Congress has gone home for a two-week break with most of their business incomplete. They can’t pass any appropriations, they can’t pass the Farm Bill, they can’t pass a new Iraqi supplemental bill. Yet, it looks at though the Democrats may have finally found their footing. Activists have been pointing out for a long time that we can end the war by refusing to pass more supplemental funding to fight it. That’s obviously a less than ideal way of conducting U.S. foreign policy, but it is better than a never ending sinkhole of federal dollars and human lives. The Democrats have finally taken our advice.
After senate Republicans filibustered the latest supplemental bill, the Democrats said ‘fine, then no more money for you.’
Now, Democratic leaders say they won’t send President Bush a war spending bill this year. They calculate the military has enough money to run through mid-February.
Responding to the congressional blockage, Defense Secretary Robert Gates on Friday signed a memo ordering the Army to begin planning for a series of expected cutbacks, including the layoffs of as many as 100,000 civilian employees and another 100,000 civilian contractors, starting as early as January, Pentagon press secretary Geoff Morrell said.
Naturally, this provides the Republicans the opportunity to say the Democrats are abandoning the troops in the field.
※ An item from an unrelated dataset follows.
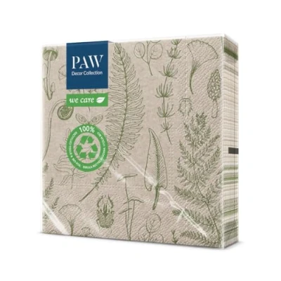 Napkins made from 3 ply brown recycled tissue paper, 17 g/m², FSC and Ecolabel certified, made in Europe Dimensions: 33 x 33 cm, pack of 20. The product is certified by the National Institute of Public Health and confirms that our products can come into contact with food, are environmentally friendly and meet the requirements of BFR XXXVI. The napkins are printed with water-based, environmentally friendly inks. The ECO - WE CARE collection includes napkins made from biodegradable tissue paper. With a sense of responsibility and an environmentally conscious lifestyle, we have created a collection of environmentally friendly products. All the raw materials we care napkins are made from are renewable and biodegradable. The entire product concept is complemented by a design that combines the beauty of nature and the current trend.

“We ought to get the troops the funding they need to finish the mission without restrictions and without a surrender date,” said Senate Minority Leader Mitch McConnell, R-Ky…
…”We’d rather see the Department of Defense, the military planners and our troops focusing on military maneuvers rather than accounting maneuvers as they carry out their mission in the field,” [deputy WH press secretary] Fratto said…
…”Sen. Schumer only wants to fund pay, body armor and chow for the troops if he can put conditions on the money so that they cannot do the mission they have been ordered to do,” said [Heather] Wilson, R-N.M.
But, this time, the Democrats were willing to take the heat and fire back.
Republicans said there were appalled by Sen. Chuck Schumer’s comment, reported by The Associated Press on Thursday, that the Bush administration wouldn’t get a “free lunch.”
Schumer, D-N.Y., had told reporters that unless Bush accepted the restrictions, the Defense Department would have to eat into its core budget.
“The days of a free lunch are over,” he said…
…”We need to do more than say to the Iraqis that our patience has run out and that they need to seize the opportunity that has been given them,” said Sen. Carl Levin, D-Mich. “Their dawdling will only end when they have no choice.”
I have to compliment the Democrats when they show courage and do what we ask of them. As the New York Times says:
Democrats say they will continue to push the president and his Republican allies to concede their failed war policy and change course. They must keep at it. It’s far past time to begin a swift and orderly withdrawal of forces from Iraq’s civil war and to refocus on Afghanistan, where America’s win over the Taliban and Al Qaeda is in danger of being reversed.
The decision to withhold funds and tell the president to pound sand is a first step in the right direction.